Plaintiffs further argue that holding that the limitations period began when Type B procedures were promulgated assumes that the date the limitations period begins to run depends on the type of regulation used. The regulations under § 9651(c) provide procedures for assessing damages, not causes of action. This interpretation would produce the anomalous result of Congress establishing different limitation periods for natural resource damages depending solely on whether the trustees choose to conduct a Type A or Type B assessment. Also, this interpretation would not allow the trustees the benefit of having the complete set of regulations, both Type A and Type B, before they begin assessing the natural damages. If the limitations period began to run when Type B regulations were promulgated, the trustees would have to plunge forward with the more complex Type B assessments possibly before the Type A regulations would be available.

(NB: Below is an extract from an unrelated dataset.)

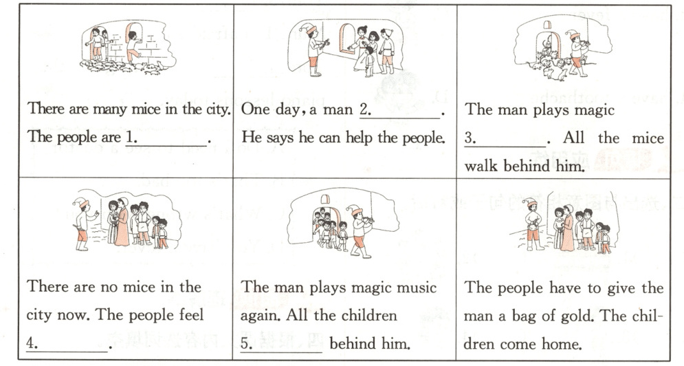 五、(北京东城区)看图片,读故事,选择恰当的单词,将其标号填写在横线上。

Moreover, Plaintiffs maintain that this position is untenable when taken to the extreme. If DOI promulgated Type A regulations four years after its Type B regulations, Plaintiffs would need to bring suit before they could even determine if Type A regulations were applicable, because the three-year limitation period would have ended. If the trustees waited until Type A regulations were promulgated to determine if they were more relevant to the problem at hand, they would be barred from using the Type B assessment procedures because the three-year limitations period would have ended. Accordingly, if the statute on natural resource damages actions began to run when Type B regulations were promulgated, then Type A regulations would be useless because the three-year limitations period would end before Type A regulations could be available.
Response to Plaintiffs' Position
The Court notes the various arguments to which the cryptic CERCLA lends itself, but respectfully disagrees. First, the Court rejects the argument that § 9613(g) is clear on its face. The phrase "promulgation of regulations" could mean Type B regulations for reasons stated above, and the evidence heretofore points in that direction. Second, since Type A regulations are irrelevant to this case and since NOAA knew this fact in 1985, there was no need for Plaintiffs to wait until the Type A regulations were promulgated to exercise some abstract notion of discretion, because they already knew they could not use the Type A procedures. For similar reasons, this Court finds the Seattle decision inapplicable to and distinguishable from this case. Type A regulations were relevant to that case. This case is different because Type A regulations are inapplicable and irrelevant here. Finally, the Court finds unpersuasive the hyperbolic concerns of Plaintiffs regarding taking the Court's interpretation to the extreme, which in any case is overshadowed by the vagaries involved in interpreting the statute to mean that the limitations period begins to run only after promulgation of all the Type A regulations plus the Type B.
B. Discovery Prong.
The discovery prong of the statute of limitations states that actions for natural resource damages must be brought within three years of the "date of the discovery of the loss and its connection with the release in question." 42 U.S.C. § 9613(g). Since this case was deemed filed on March 19, 1990, if the "date of discovery" was before March 19, *1403 1987, then Plaintiffs failed to meet the limitations period under this prong.
Defendants in this case bear two burdens: First, they bear the initial burden of showing that there is no genuine issue as to any material fact; second, they bear the burden of demonstrating that prior to March 19, 1987, Plaintiffs had knowledge of the releases, of the loss of resources alleged and the connection between the releases and the loss.[4]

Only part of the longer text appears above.